• _Given information_:
+ + + +
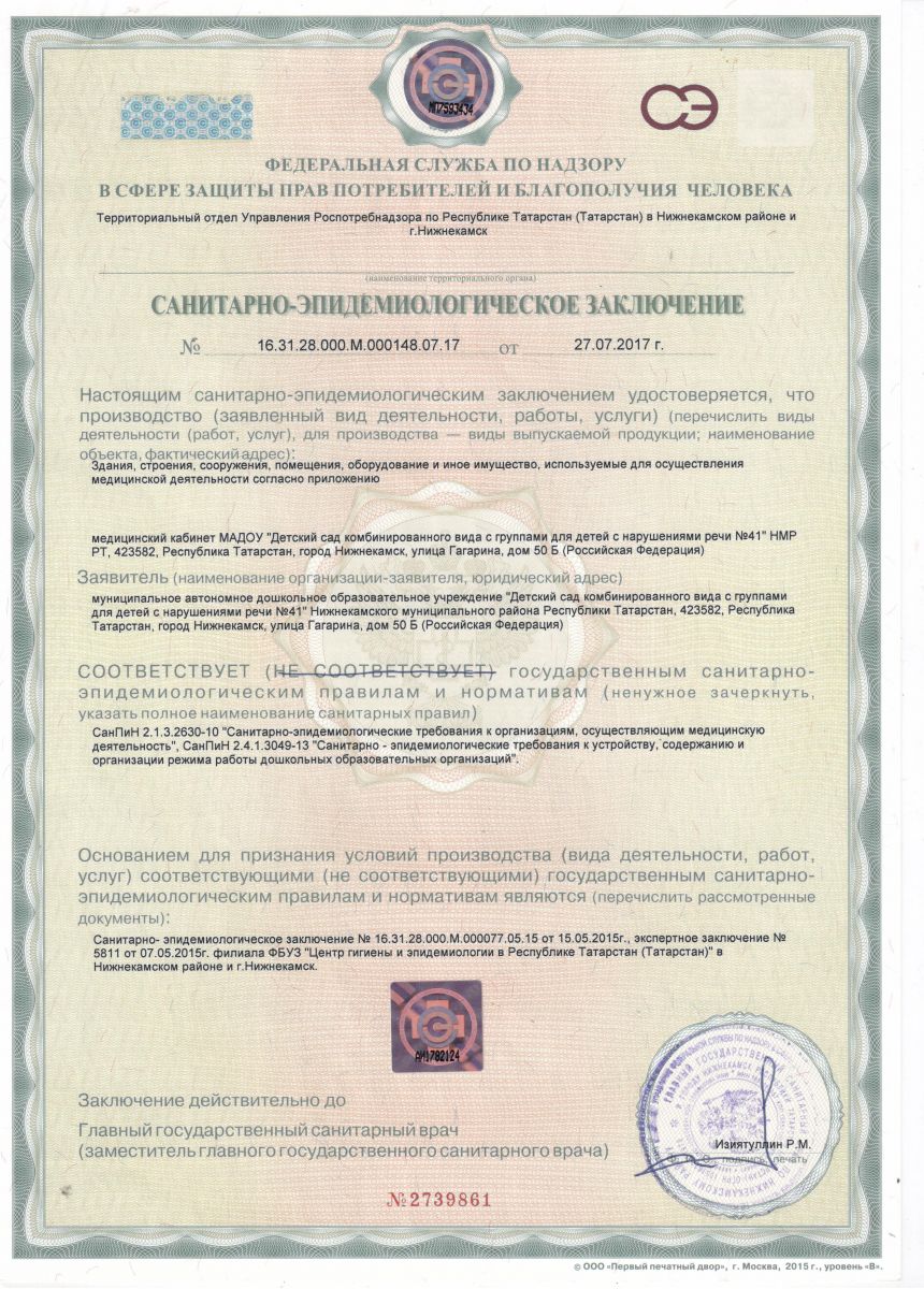 Санитарно-эпидемиологическое заключение (образовательная деятельность)
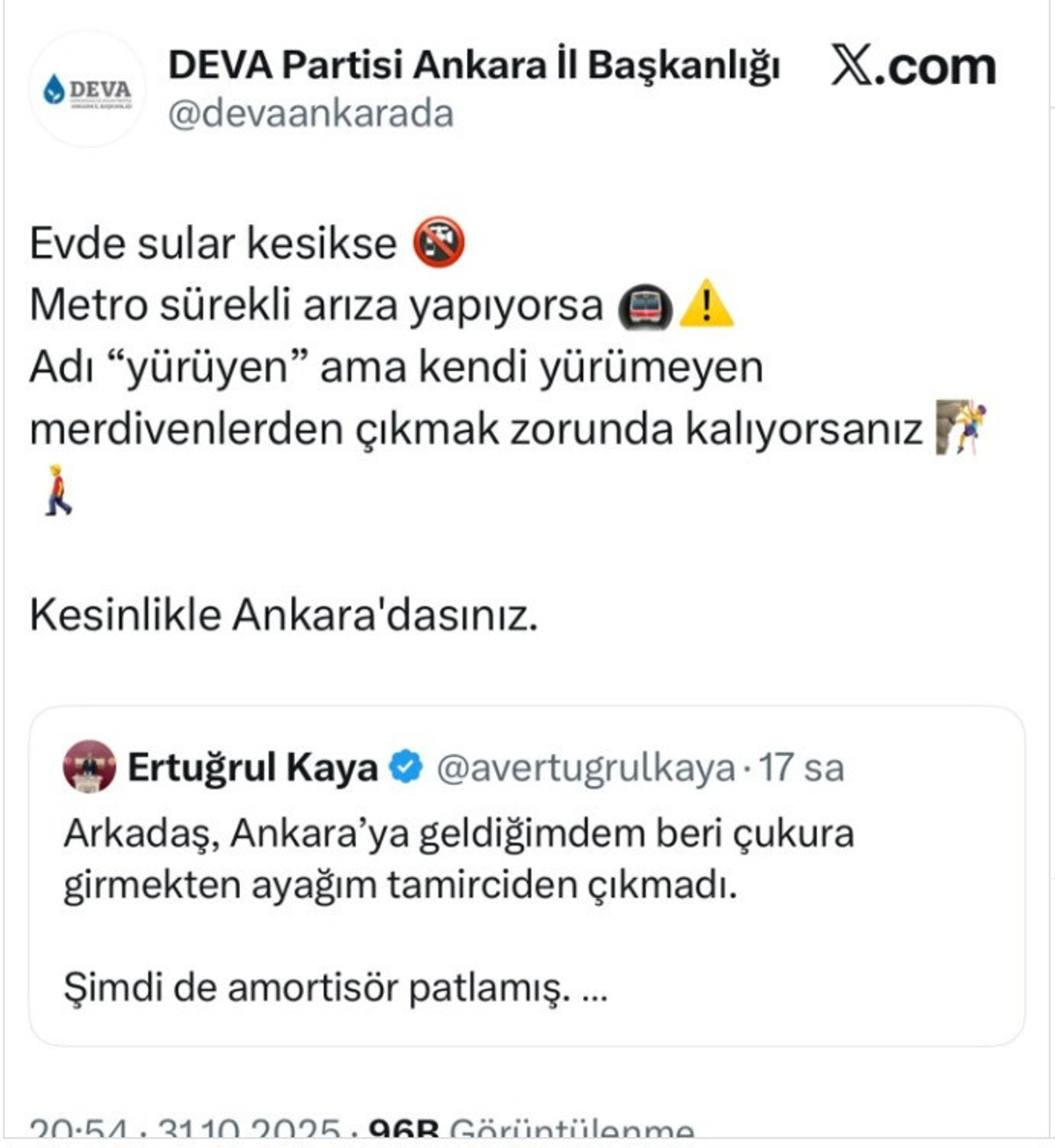 31 Ekim tarihinde Ertuğrul Kaya'nın X hesabından paylaştığı, "Arkadaş, Ankara’ya geldiğimden beri çukura girmekten ayağım tamirciden çıkmadı. Şimdi de amortisör patlamış.." sözlerini DEVA Partisi Ankara İl Başkanlığı resmi X hesabından alıntılayarak, Ankara'nın sorunlarını dile getirmişti. Daha sonra DEVA Partisi Ankara İl Başkanlığı, söz konusunu paylaşımı silmişti. Bu konuya ilişkin açıklamalarda bulunan Gülören, "Biz masum bir şekilde Ankara'nın sorunlarını dile getirmiştik. Daha öncede böyle paylaşımlarımız olmuştu. Kurumsal hesabımızdan bu tarz paylaşımlar yapmama kararı aldık" dedi.
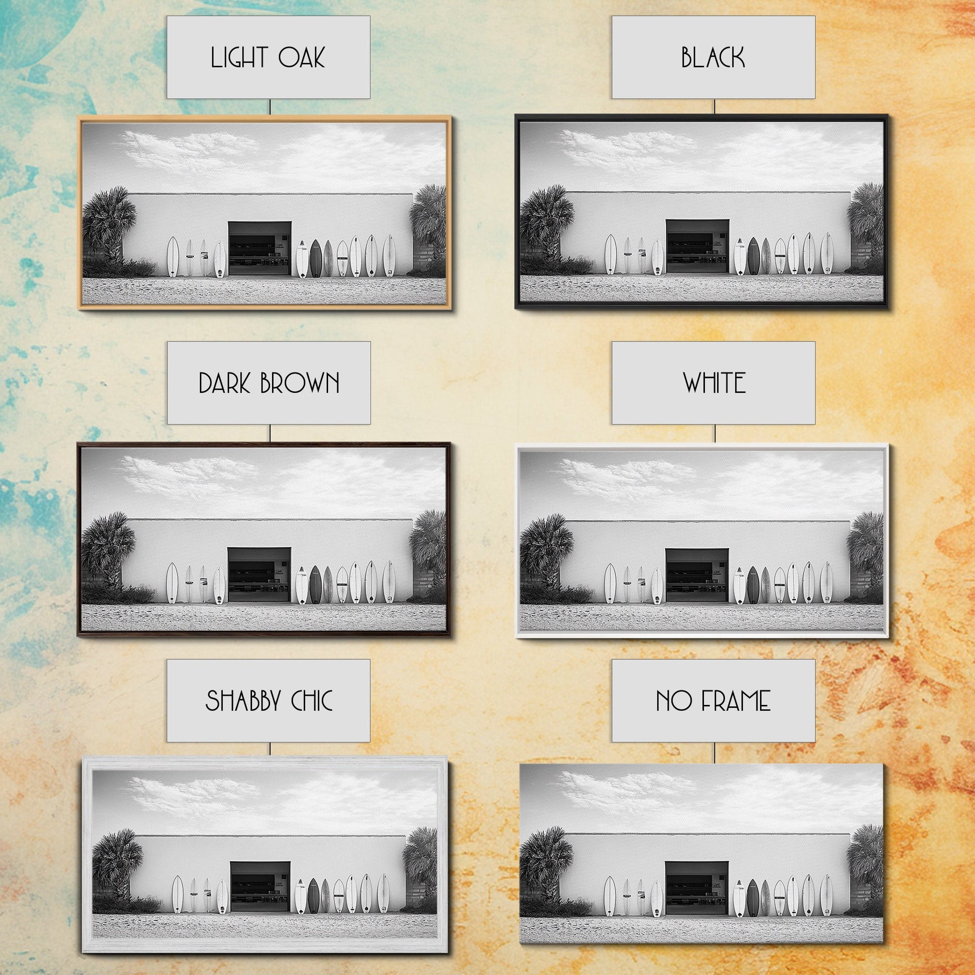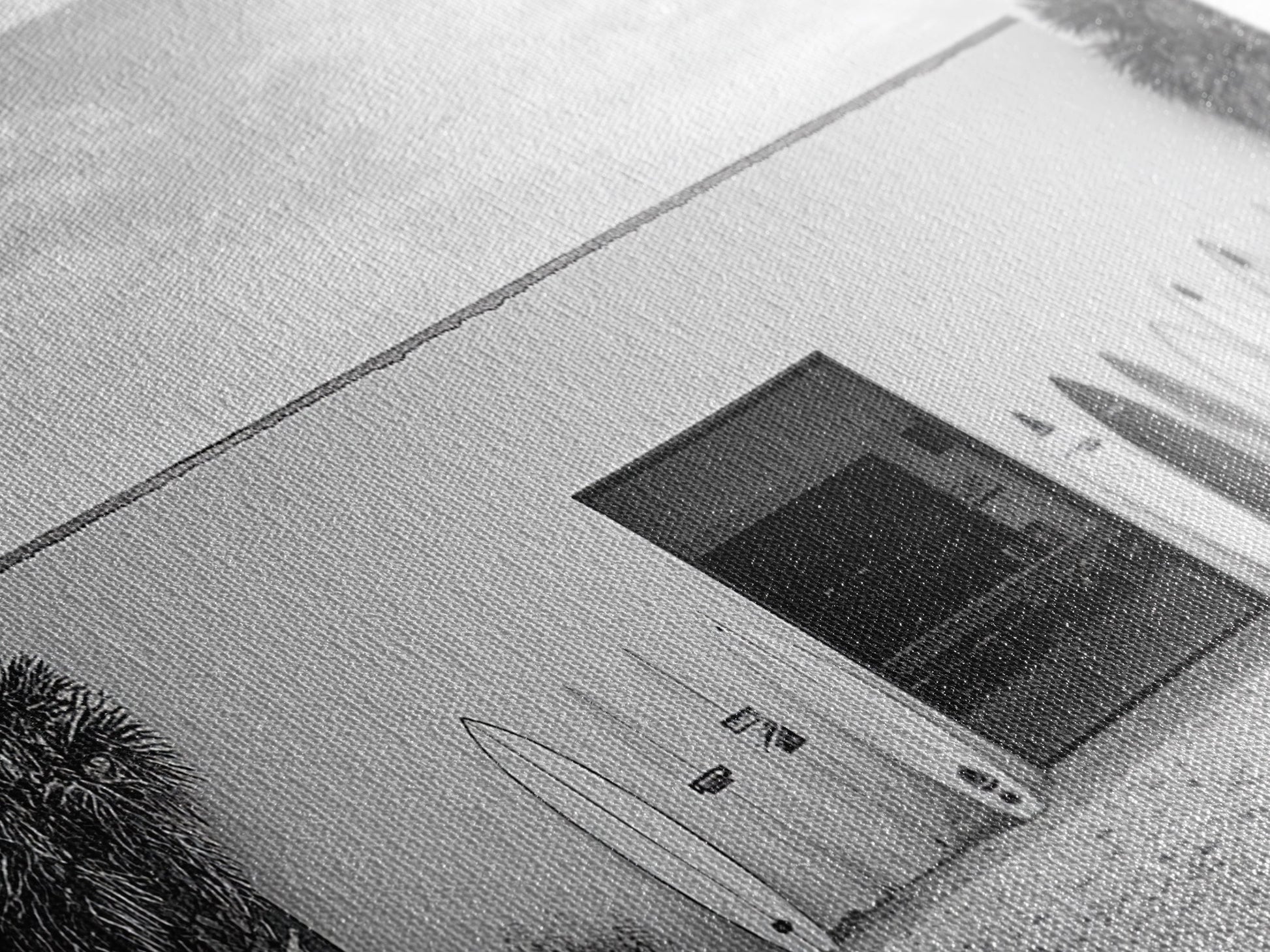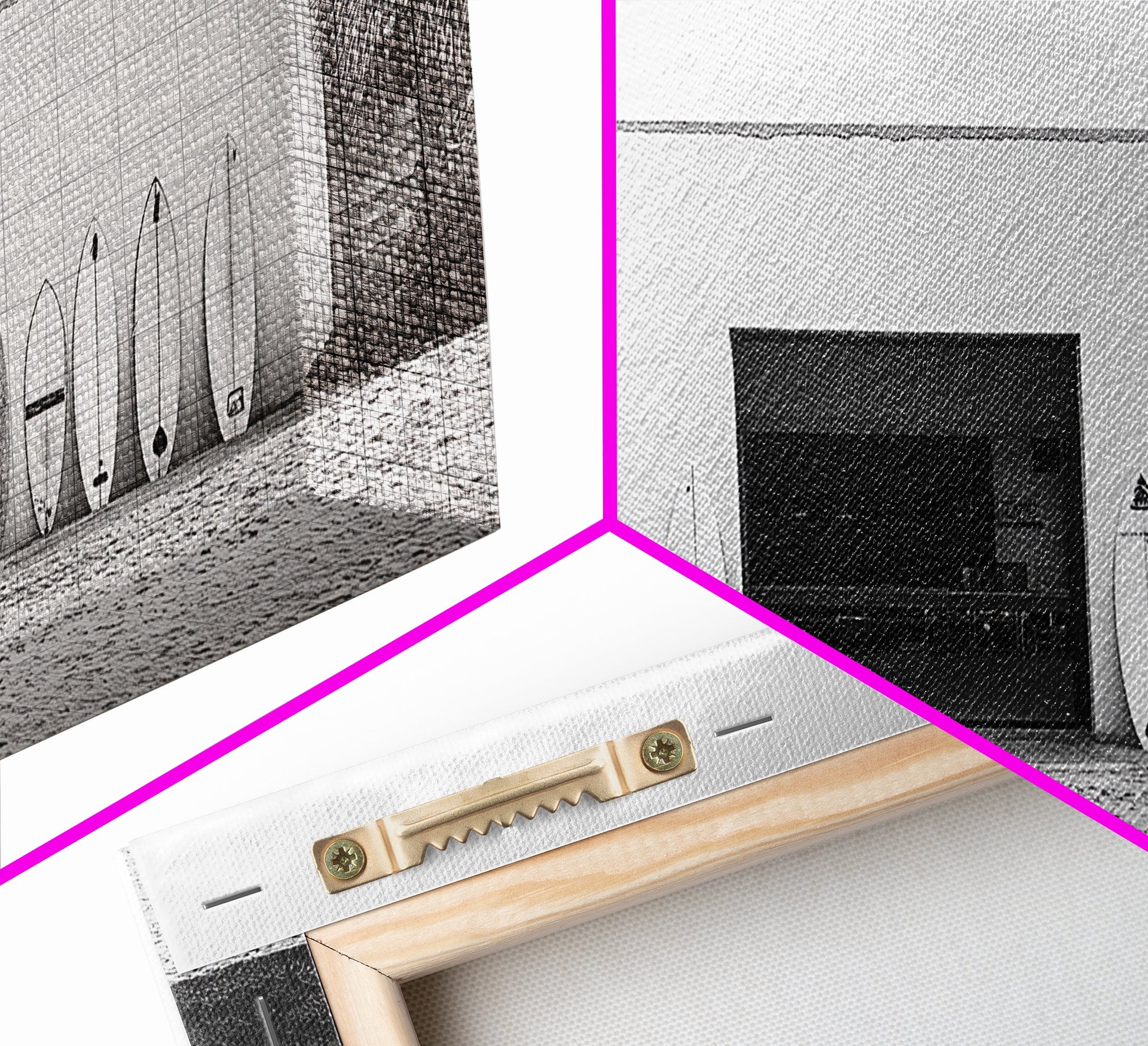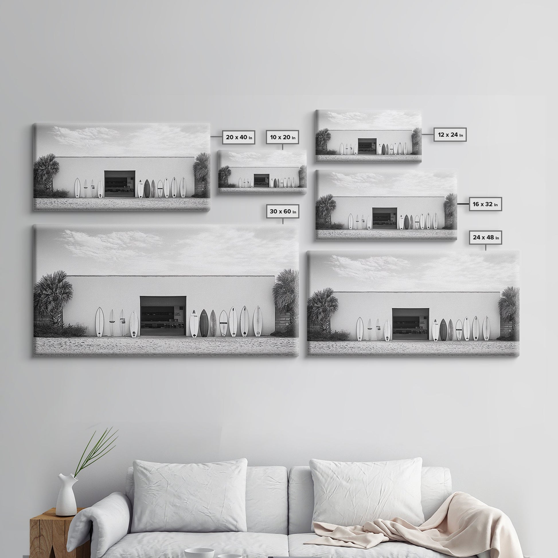 Surfboards, Beach Garage, Modern Coastal, Ocean Style, Framed Canvas Print, surf shack decor, teen room wall art, minimalist beach art
+ + + +
• _Work task_: In the listing, find the line with "31 Ekim tarihinde" and retype exactly from there through the last line, both included, leaving the pictures out.

• _Answer section_:
 31 Ekim tarihinde Ertuğrul Kaya'nın X hesabından paylaştığı, "Arkadaş, Ankara’ya geldiğimden beri çukura girmekten ayağım tamirciden çıkmadı. Şimdi de amortisör patlamış.." sözlerini DEVA Partisi Ankara İl Başkanlığı resmi X hesabından alıntılayarak, Ankara'nın sorunlarını dile getirmişti. Daha sonra DEVA Partisi Ankara İl Başkanlığı, söz konusunu paylaşımı silmişti. Bu konuya ilişkin açıklamalarda bulunan Gülören, "Biz masum bir şekilde Ankara'nın sorunlarını dile getirmiştik. Daha öncede böyle paylaşımlarımız olmuştu. Kurumsal hesabımızdan bu tarz paylaşımlar yapmama kararı aldık" dedi.
 Surfboards, Beach Garage, Modern Coastal, Ocean Style, Framed Canvas Print, surf shack decor, teen room wall art, minimalist beach art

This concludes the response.